◆ DATASET CONTENT
============
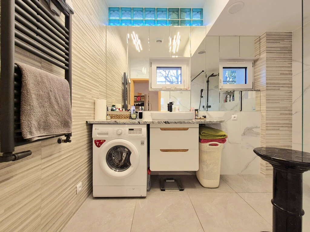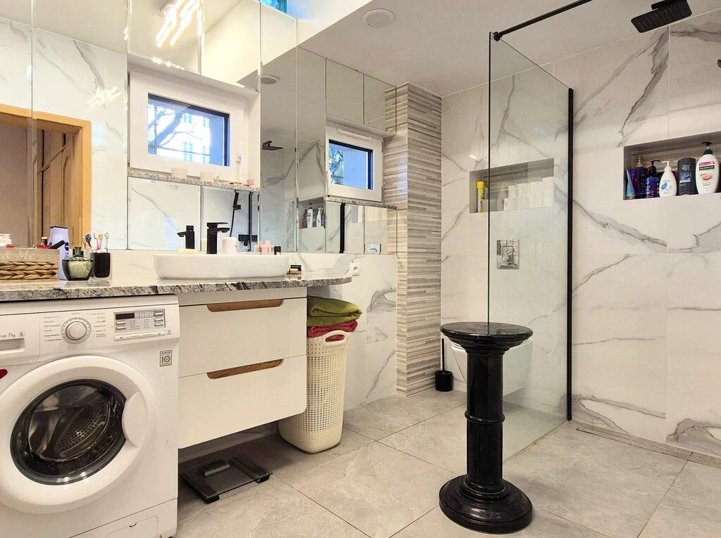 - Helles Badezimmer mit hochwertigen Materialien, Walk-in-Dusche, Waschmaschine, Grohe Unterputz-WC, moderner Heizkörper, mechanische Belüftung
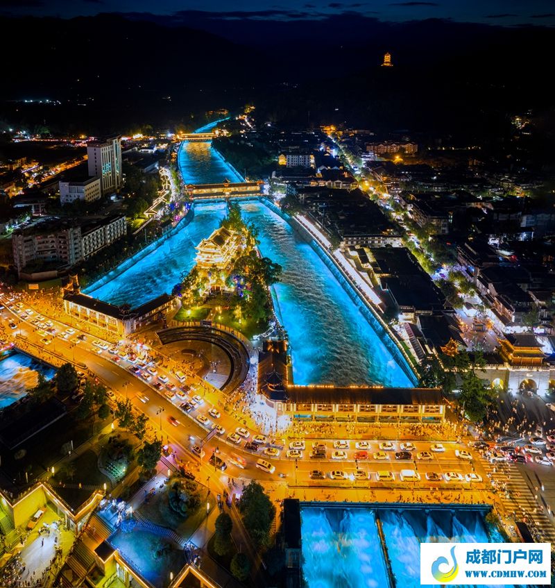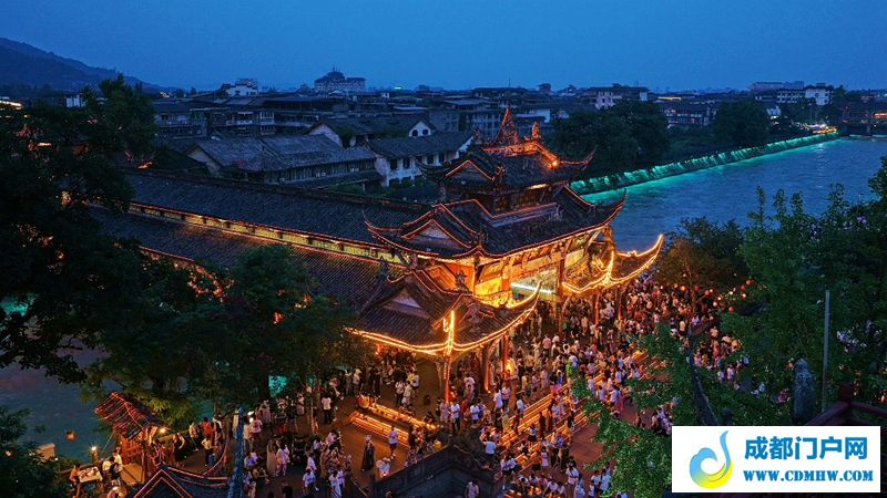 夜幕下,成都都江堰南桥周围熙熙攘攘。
============
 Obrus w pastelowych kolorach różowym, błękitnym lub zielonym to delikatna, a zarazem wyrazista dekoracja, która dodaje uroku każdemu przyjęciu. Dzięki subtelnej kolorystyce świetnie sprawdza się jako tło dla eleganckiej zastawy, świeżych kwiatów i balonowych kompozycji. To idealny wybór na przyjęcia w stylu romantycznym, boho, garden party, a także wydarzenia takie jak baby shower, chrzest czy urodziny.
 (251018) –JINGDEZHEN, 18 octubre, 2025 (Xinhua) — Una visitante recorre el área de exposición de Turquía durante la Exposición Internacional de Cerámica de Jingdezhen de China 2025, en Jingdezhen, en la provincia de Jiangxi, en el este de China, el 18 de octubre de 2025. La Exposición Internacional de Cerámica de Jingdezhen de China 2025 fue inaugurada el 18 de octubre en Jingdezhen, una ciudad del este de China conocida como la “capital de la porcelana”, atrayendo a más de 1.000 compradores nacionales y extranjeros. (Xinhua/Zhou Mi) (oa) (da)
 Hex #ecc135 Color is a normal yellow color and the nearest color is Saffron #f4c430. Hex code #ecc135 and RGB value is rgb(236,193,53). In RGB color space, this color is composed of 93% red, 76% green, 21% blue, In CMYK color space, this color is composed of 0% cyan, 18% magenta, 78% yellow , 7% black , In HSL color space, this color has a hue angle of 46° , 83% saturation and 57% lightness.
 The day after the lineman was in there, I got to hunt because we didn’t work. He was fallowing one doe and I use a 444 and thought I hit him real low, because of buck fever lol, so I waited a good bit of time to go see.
============
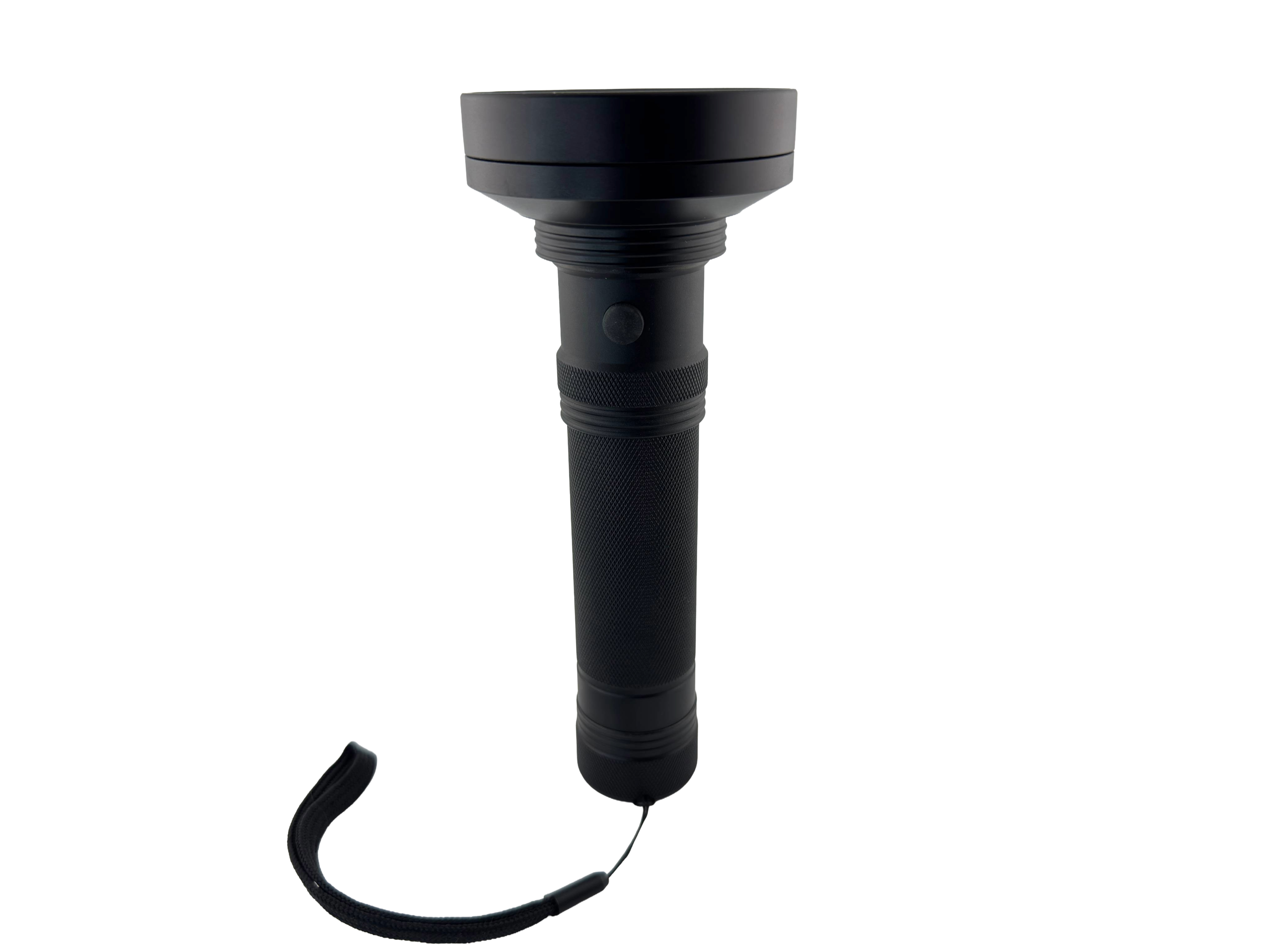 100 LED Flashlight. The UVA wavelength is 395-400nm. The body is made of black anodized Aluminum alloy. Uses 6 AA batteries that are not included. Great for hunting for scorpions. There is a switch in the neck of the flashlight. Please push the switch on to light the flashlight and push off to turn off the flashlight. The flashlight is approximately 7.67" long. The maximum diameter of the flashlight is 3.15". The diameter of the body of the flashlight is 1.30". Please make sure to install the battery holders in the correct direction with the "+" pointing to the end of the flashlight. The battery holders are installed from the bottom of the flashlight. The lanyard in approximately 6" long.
============
◆ ACTION ITEM
Only one part of the material above is to be transcribed, namely the lines starting with the line that has "Obrus w pastelowych" and going on through the line that has "The day after", exactly as they stand.

◆ WRITTEN SOLUTION
 Obrus w pastelowych kolorach różowym, błękitnym lub zielonym to delikatna, a zarazem wyrazista dekoracja, która dodaje uroku każdemu przyjęciu. Dzięki subtelnej kolorystyce świetnie sprawdza się jako tło dla eleganckiej zastawy, świeżych kwiatów i balonowych kompozycji. To idealny wybór na przyjęcia w stylu romantycznym, boho, garden party, a także wydarzenia takie jak baby shower, chrzest czy urodziny.
 (251018) –JINGDEZHEN, 18 octubre, 2025 (Xinhua) — Una visitante recorre el área de exposición de Turquía durante la Exposición Internacional de Cerámica de Jingdezhen de China 2025, en Jingdezhen, en la provincia de Jiangxi, en el este de China, el 18 de octubre de 2025. La Exposición Internacional de Cerámica de Jingdezhen de China 2025 fue inaugurada el 18 de octubre en Jingdezhen, una ciudad del este de China conocida como la “capital de la porcelana”, atrayendo a más de 1.000 compradores nacionales y extranjeros. (Xinhua/Zhou Mi) (oa) (da)
 Hex #ecc135 Color is a normal yellow color and the nearest color is Saffron #f4c430. Hex code #ecc135 and RGB value is rgb(236,193,53). In RGB color space, this color is composed of 93% red, 76% green, 21% blue, In CMYK color space, this color is composed of 0% cyan, 18% magenta, 78% yellow , 7% black , In HSL color space, this color has a hue angle of 46° , 83% saturation and 57% lightness.
 The day after the lineman was in there, I got to hunt because we didn’t work. He was fallowing one doe and I use a 444 and thought I hit him real low, because of buck fever lol, so I waited a good bit of time to go see.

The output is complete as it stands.